WHAT THIS TASK INVOLVES →
Required from the data below: the exact lines starting at the line containing "雇用保険、労災保険、健康保険、厚生年金 待遇・福利厚生 【福利厚生】" and ending at the line containing "夫婦共有名義で不動産購入を所", with both ends kept and all pictures dropped.

EXCERPTED RECORDS →
##############################
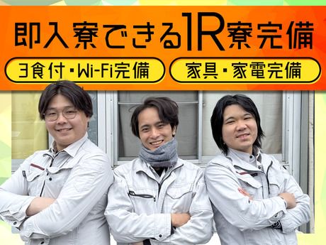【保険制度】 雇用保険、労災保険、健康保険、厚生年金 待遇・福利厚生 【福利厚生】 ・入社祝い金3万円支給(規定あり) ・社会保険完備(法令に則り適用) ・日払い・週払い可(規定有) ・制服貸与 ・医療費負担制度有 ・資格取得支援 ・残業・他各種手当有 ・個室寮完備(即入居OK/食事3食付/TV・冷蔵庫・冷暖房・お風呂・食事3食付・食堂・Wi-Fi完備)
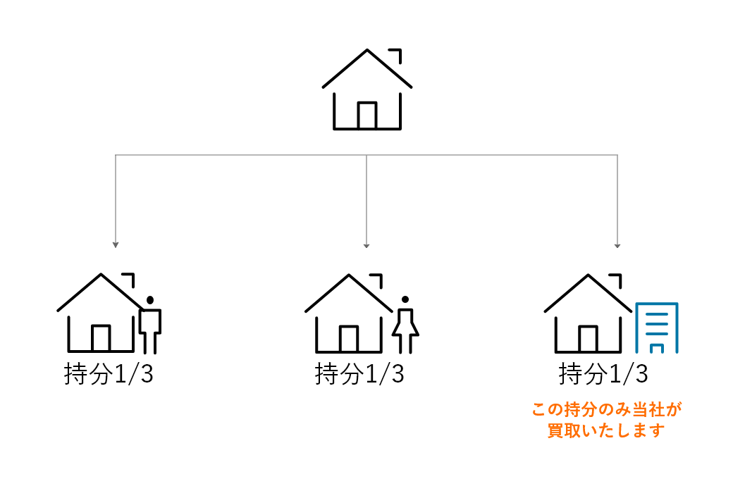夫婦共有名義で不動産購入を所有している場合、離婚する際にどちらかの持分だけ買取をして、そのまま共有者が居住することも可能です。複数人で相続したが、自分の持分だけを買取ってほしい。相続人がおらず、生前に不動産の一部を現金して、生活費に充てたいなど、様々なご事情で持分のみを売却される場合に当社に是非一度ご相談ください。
##############################
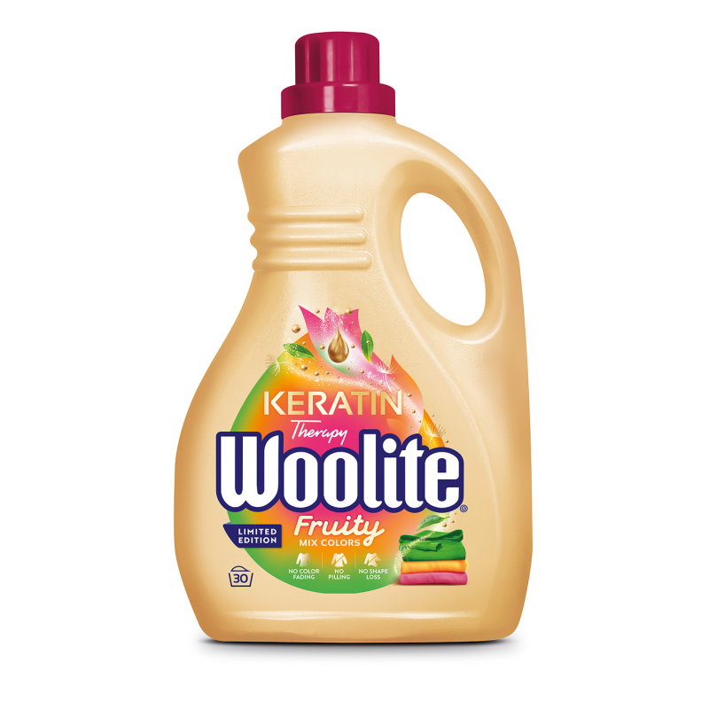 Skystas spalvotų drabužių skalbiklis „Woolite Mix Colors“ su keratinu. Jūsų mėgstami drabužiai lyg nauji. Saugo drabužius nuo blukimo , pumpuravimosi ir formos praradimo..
##############################
WRITTEN ANSWER →
【保険制度】 雇用保険、労災保険、健康保険、厚生年金 待遇・福利厚生 【福利厚生】 ・入社祝い金3万円支給(規定あり) ・社会保険完備(法令に則り適用) ・日払い・週払い可(規定有) ・制服貸与 ・医療費負担制度有 ・資格取得支援 ・残業・他各種手当有 ・個室寮完備(即入居OK/食事3食付/TV・冷蔵庫・冷暖房・お風呂・食事3食付・食堂・Wi-Fi完備)
夫婦共有名義で不動産購入を所有している場合、離婚する際にどちらかの持分だけ買取をして、そのまま共有者が居住することも可能です。複数人で相続したが、自分の持分だけを買取ってほしい。相続人がおらず、生前に不動産の一部を現金して、生活費に充てたいなど、様々なご事情で持分のみを売却される場合に当社に是非一度ご相談ください。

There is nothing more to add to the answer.